In Dagestan, another republic in Russia’s violence-plagued North Caucasus region, officials said Friday that a policeman and a prison warden were shot to death in separate attacks.

The Vladikavkaz market was cordoned off Friday. The blast was so powerful that glass in nearby buildings shattered. The area was cleaned of blood and shreds of clothing but twisted wrecks of several cars were grim reminders of the attack.

A few blocks away, weeping neighbors mourned two bombing victims: 54-year-old Yaselin Mamedova and 9-year-old Elnus Ashimov. Their bodies were being prepared for burial later in the day in line with Muslim practice.

There has been no public claim of responsibility for the attack, but suspicion fell on Islamic militants who launch frequent small attacks in neighboring North Caucasus republics, including Dagestan, Chechnya and Ingushetia.

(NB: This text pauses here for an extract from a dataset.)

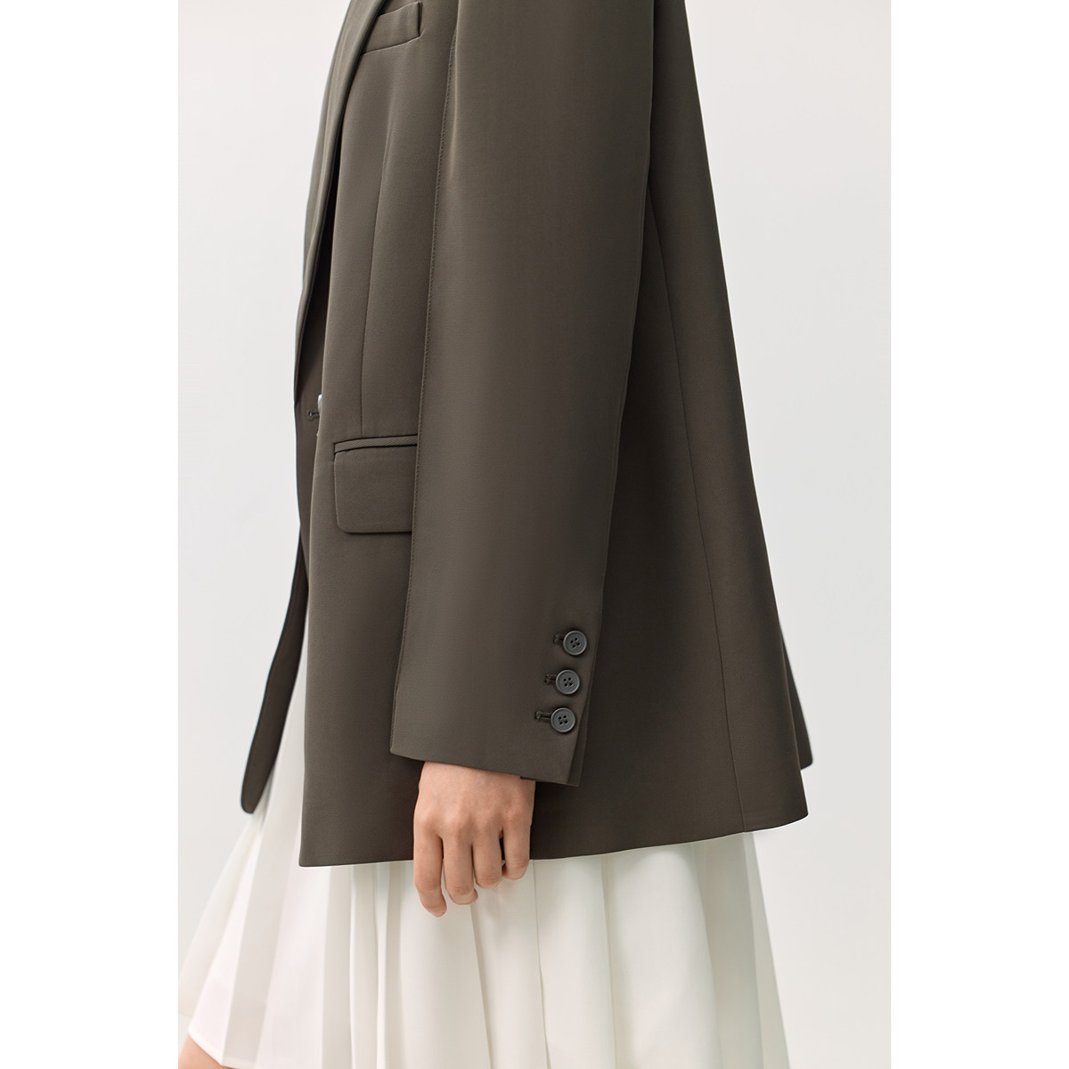 COCOBELLA高智感青果领老钱丝光缎面西装女苔藓绿通勤外套SI7019

Russia’s ethnically diverse North Caucasus region has been gripped by violence stemming from two separatist wars in Chechnya and fueled by endemic poverty and rampant official corruption. Human rights groups say law enforcement officers frequently resort to extrajudicial killings, kidnappings and torture, breeding hostility and provoking retaliatory attacks.

Unlike the provinces of Chechnya, Ingushetia and Dagestan, where Muslims make up most of the population, North Ossetia is predominantly Orthodox Christian but has a sizeable Mulsim minority.

Russian Prime Minister Vladimir Putin met with Russia’s top Muslim cleric after the blast and said Russia’s 20 million Muslims should play a key role in eradicating Islamic extremism in the nation.

“The crimes like the one that was committed in the North Caucasus today are aimed at sowing enmity between our citizens. We mustn’t allow this,” Putin said at the Thursday meeting.